What is Product Management?

Product management is an organizational function that guides every step of a product’s lifecycle — from development to positioning and pricing — by focusing on the product and its customers first and foremost. To build the best possible product, product managers advocate for customers within the organization and make sure the voice of the market is heard and heeded.

The day-to-day tasks include a wide variety of strategic and tactical duties. Most product managers or product owners do not take on all these responsibilities. At least some of them are owned by other teams or departments in most companies.

What is the Product Management Process?

Defining the problem

It all begins with identifying a high-value customer pain point. After that, people or organizations are trying to do something, and they can’t. Or, if they can, it’s expensive or time-consuming or resource-intensive or inefficient, or just unpleasant.

Quantifying the opportunity

There are many problems and pain points, but not all are worth solving. This is when product managers swap their customer-centric hats for a business one.

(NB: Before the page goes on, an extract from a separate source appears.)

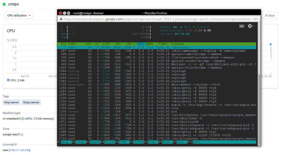 gcloud compute --project "cmips-benchmark-2014-12" instances create "cmips" --zone "europe-west1-c" --machine-type "n1-standard-1" --network "default" --address 130.211.60.200 --maintenance-policy "MIGRATE" --scopes "https://www.googleapis.com/auth/devstorage.read_only" --tags "http-server" "https-server" --image "https://www.googleapis.com/compute/v1/projects/ubuntu-os-cloud/global/images/ubuntu-1410-utopic-v20141217" --boot-disk-type "pd-standard" --boot-disk-device-name "cmips"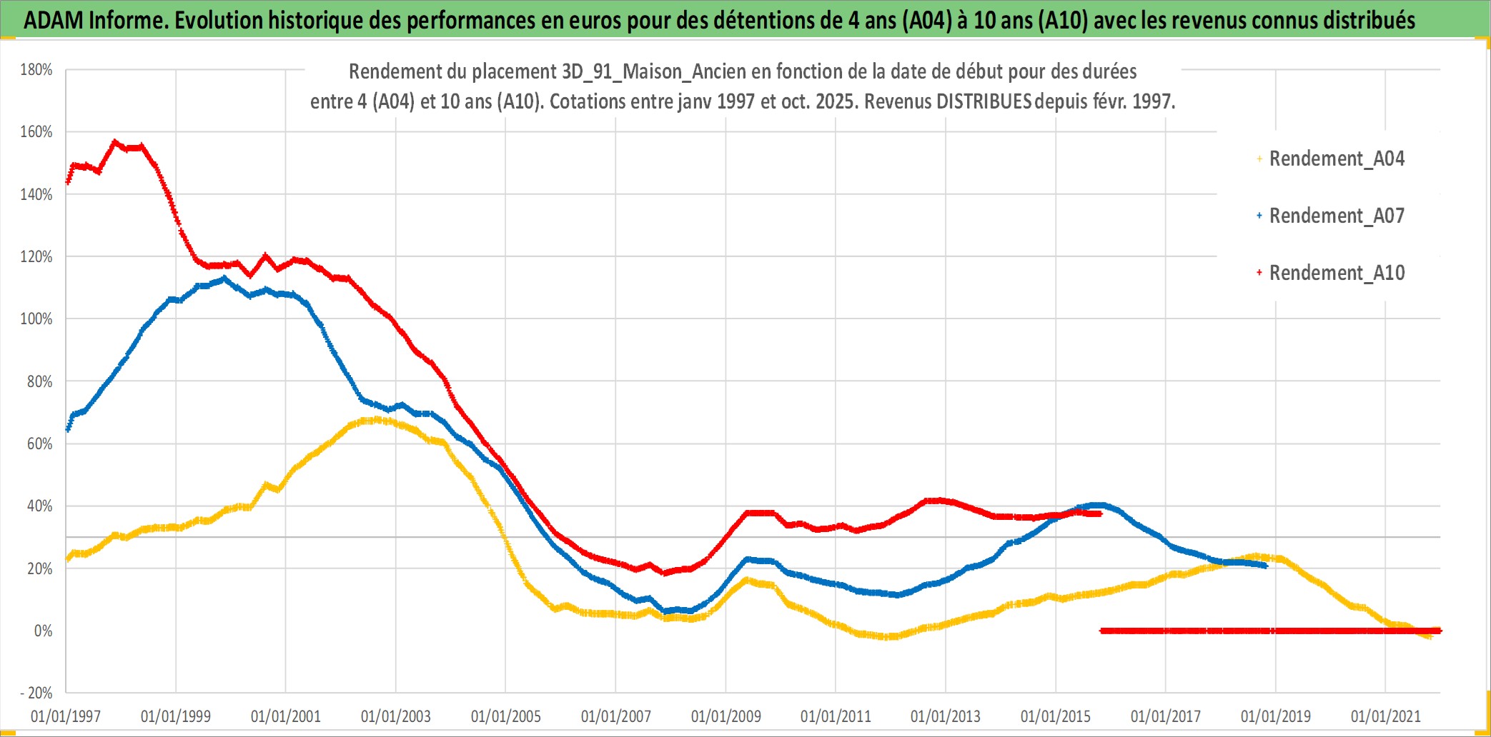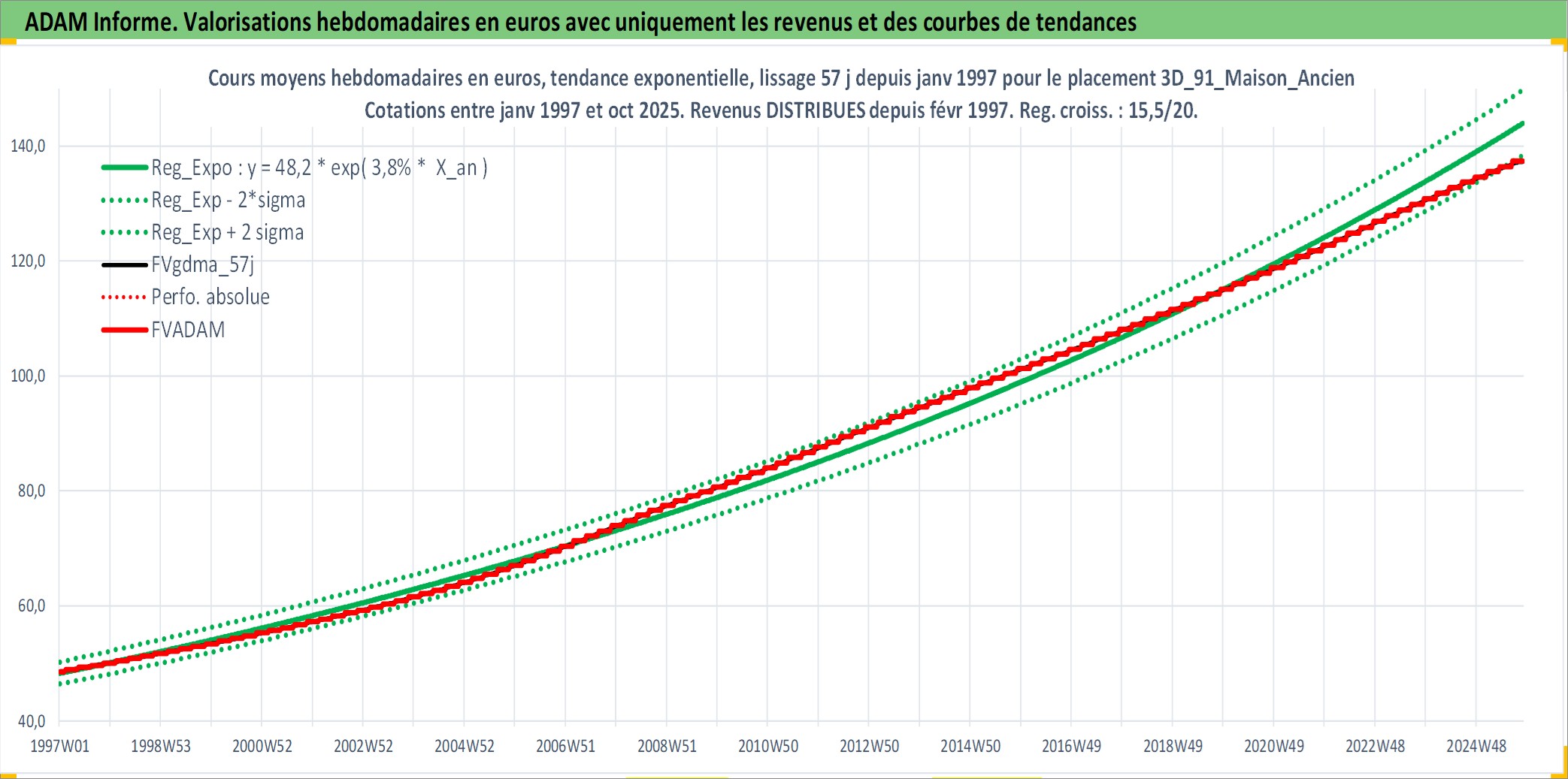 Site dédié aux investisseursPage dédiée sur site financeAnalyse des valorisations hebdomadaires de l'actif 3D_91_Maison_Ancien. Cet actif est cote en EUR. Les valorisations couvrent les semaines 1997W01 a 2025W44. Les loyers de cet actif immobilier sont pris egaux a 3,33% annuels de la valeur venale du logement.

Researching potential solutions

With a target in mind, product management can now thoroughly investigate how they might solve customer problems and pain points. They should cast a large net of possible solutions and not rule anything out too quickly. For example, suppose the organization already has some proprietary technology or IP or a particular area of expertise to give the company an advantage. In that case, those potential solutions will likely leverage that somehow.

Building an MVP

After validating a particular solution’s appeal and viability, it’s now time to engage the product development team in earnest. First, the bare minimum set of functionality should be defined, and then the team can build a working version of the product that can be field-tested with actual users.

Creating a feedback loop

While customer feedback is essential throughout a product’s life, there’s no time more critical than during the MVP introduction. This is where the product management team can learn what customers think, need, and dislike since they’re reacting to an actual product experience and not just theoretical ideas tossed out in a conversation.

Setting the strategy

Assuming the MVP is well received, it’s time to invest in a product strategy. The team now knows they’re onto something that can get some traction, so goals and objectives must be established to improve the product, bring it to market, expand its reach, and align with the overall company strategy and desired outcomes.

What are the Most Important Product Management Skills?

Communication

Successful relationships rely on clear communication. At our company, client communication is a top priority and always kept crystal clear and on point.

Collaboration

To create a fantastic user experience, product managers must also collaborate with UX designers. Nurturing a true partnership and not being merely transactional is key to delivering exceptional products.

Technical skills

Product managers must be conversant enough in the fundamentals for meaningful dialogue with engineering. They must understand if they’re creating a massive amount of technical debt with their decisions and managing down existing debt. And they should probably be knowledgeable enough to use their product and relate to the customers it’s intended to serve.

Business savvy

When product managers dub themselves the “CEO of the product,” they’re generally referring to this category of skills. Product managers may or may not carry responsibility for a product’s revenue. But they’re integral to making sure the product is financially and strategically successful.